The lines from the beginning of the records below through the one holding "创意月球爱心云朵方形水晶摆件房间桌面装饰品可发光送人生日礼物" are to be copied exactly; leave the pictures out.

#### Records for processing

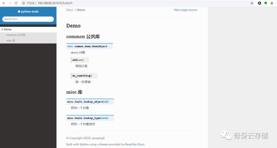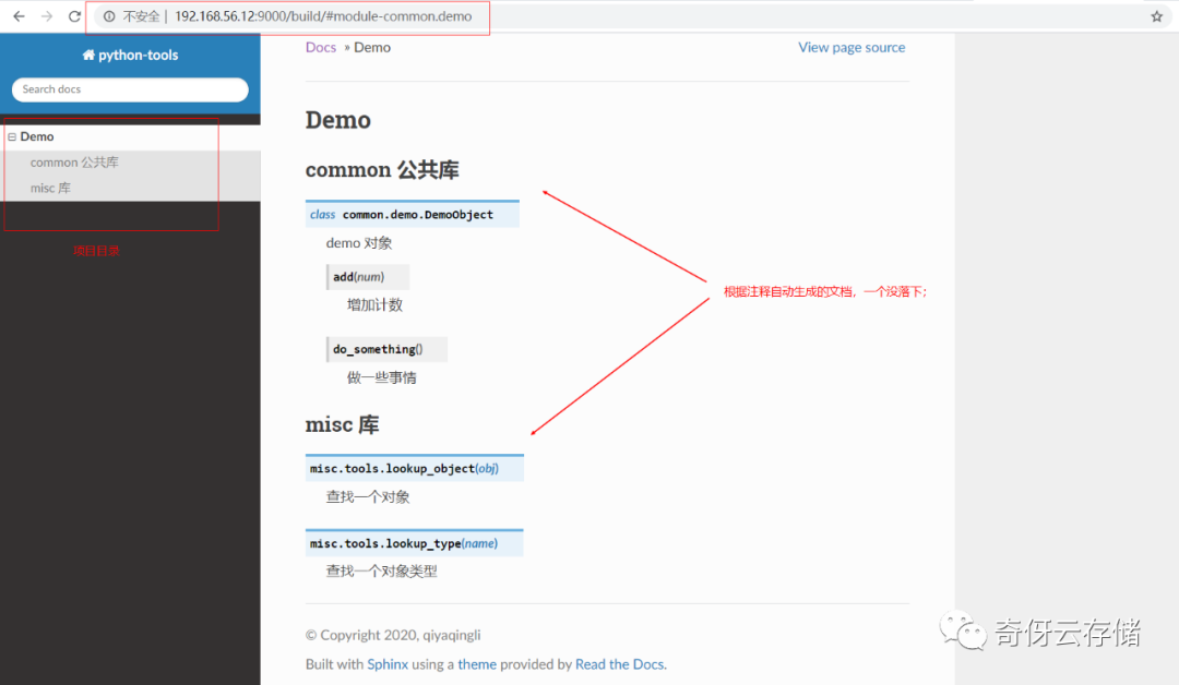解释下,这里的 common.demo 和 misc.tools 模块对应了 py 文件。这个怎么才能找到这两个模块,这个就跟你配置 conf.py 里面的 path 配置有关。
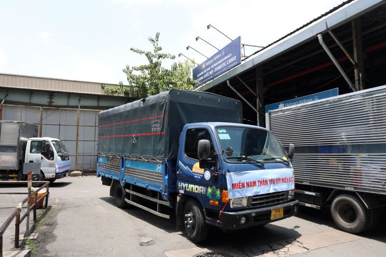 Lô hàng cứu trợ này được vận chuyển trên chuyến bay VN250 khởi hành lúc 15 giờ từ Thành phố Hồ Chí Minh đến Hà Nội để chuyển tiếp đến các vùng bị ảnh hưởng của bão lũ trong chiều nay.
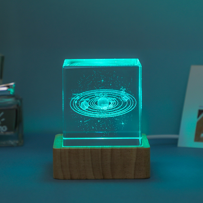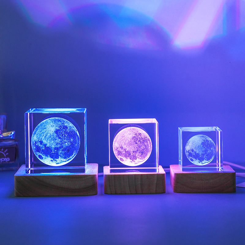 创意月球爱心云朵方形水晶摆件房间桌面装饰品可发光送人生日礼物
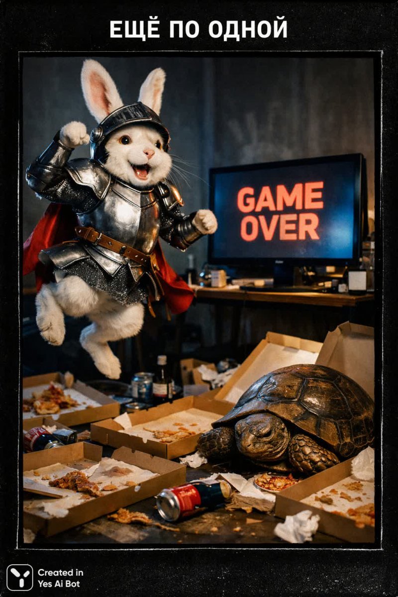 Забавный и сюрреалистичный снимок на пленку запечатлел момент после напряженной игровой сессии. В центре внимания – оживленный кролик, облаченный в рыцарские доспехи, готовый к новому раунду игры, несмотря на поражение. Его энергия контрастирует с унылым видом монитора, на котором красуется надпись 'Game Over'. Черная рамка фотографии украшена белым русским текстом 'Еще один раунд', добавляя ей уникальный шарм и загадочность. Вокруг разбросаны пустые коробки из-под пиццы – очевидный признак продолжительной битвы за виртуальную победу. В углу композиции, словно наблюдатель за этим хаосом, расположился сонный черепаха, пытающийся найти немного покоя среди бушующей страсти к играм. Фотография передает атмосферу беззаботной азартов, дружеского соперничества и нежелания сдаваться, даже после поражения. Это яркий пример сочетания юмора, ностальгии по аналоговой фотографии и отсылок к современной игровой культуре, создающий неповторимую визуальную историю. Камера запечатлела мимолетный момент, полный энергии и очарования, который хочется рассматривать снова и снова, разгадывая все детали этого необычного сюжета. Изображение вызывает улыбку и ощущение тепла, напоминая о радостях совместного времяпровождения и неиссякаемом стремлении к новым достижениям
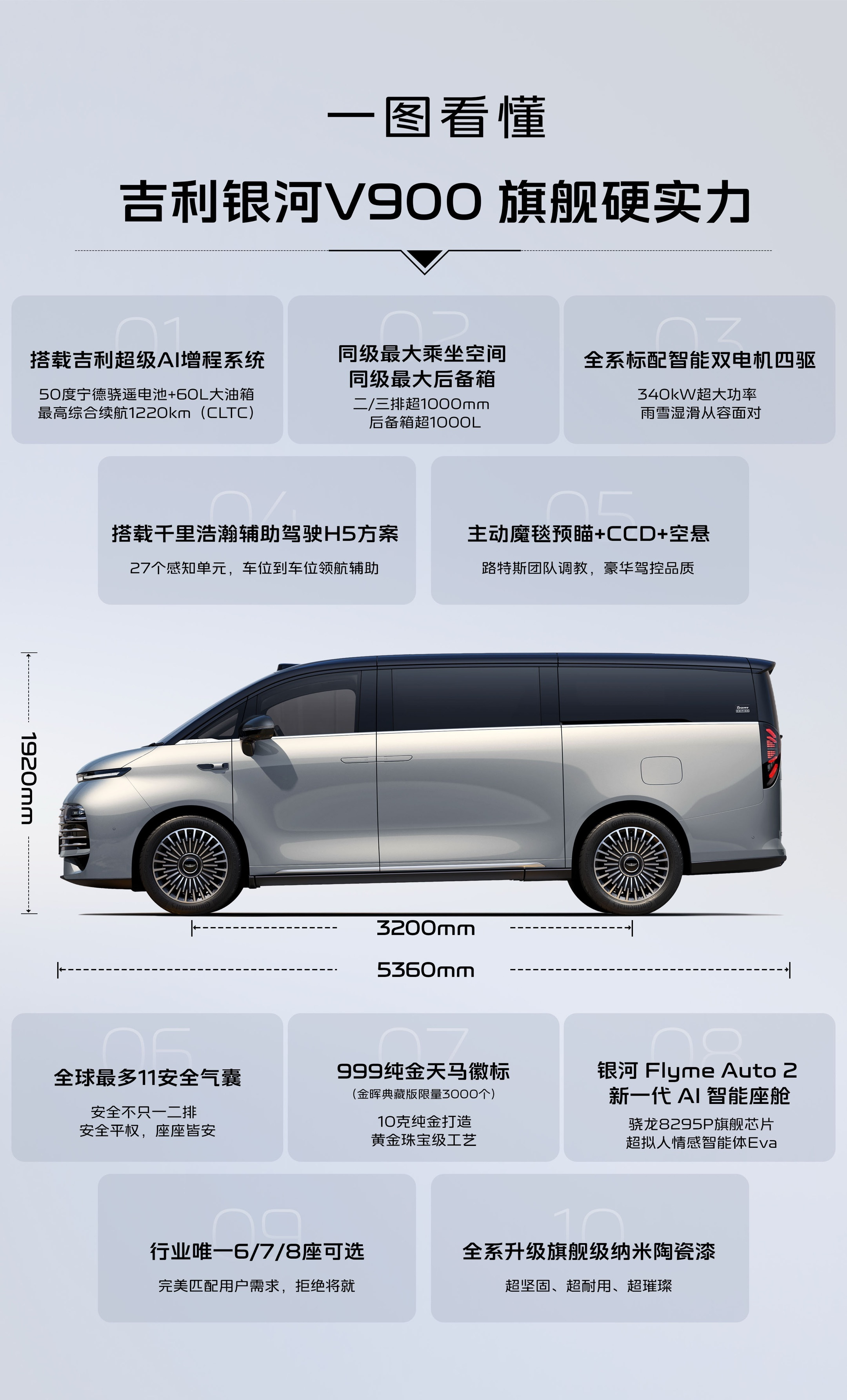 情况就是这样。之前说过这个平台并非专门乘用,而是个空间大、带宽大、载重能力强的客货两用平台。不过曾经有大计划的NOA平台现在看来是难以铺开了,5米9的长轴、封闭车身的货车版、2+1布局龙椅版可能都不会上,有点可惜。嫌大嫌贵的可以等等CMA3.0的吉利牌插混MPV,那车估计和银河M9差不多价钱,不出意外你还能拿个双叉臂。

########

• [Finished exercise]:
解释下,这里的 common.demo 和 misc.tools 模块对应了 py 文件。这个怎么才能找到这两个模块,这个就跟你配置 conf.py 里面的 path 配置有关。
 Lô hàng cứu trợ này được vận chuyển trên chuyến bay VN250 khởi hành lúc 15 giờ từ Thành phố Hồ Chí Minh đến Hà Nội để chuyển tiếp đến các vùng bị ảnh hưởng của bão lũ trong chiều nay.
 创意月球爱心云朵方形水晶摆件房间桌面装饰品可发光送人生日礼物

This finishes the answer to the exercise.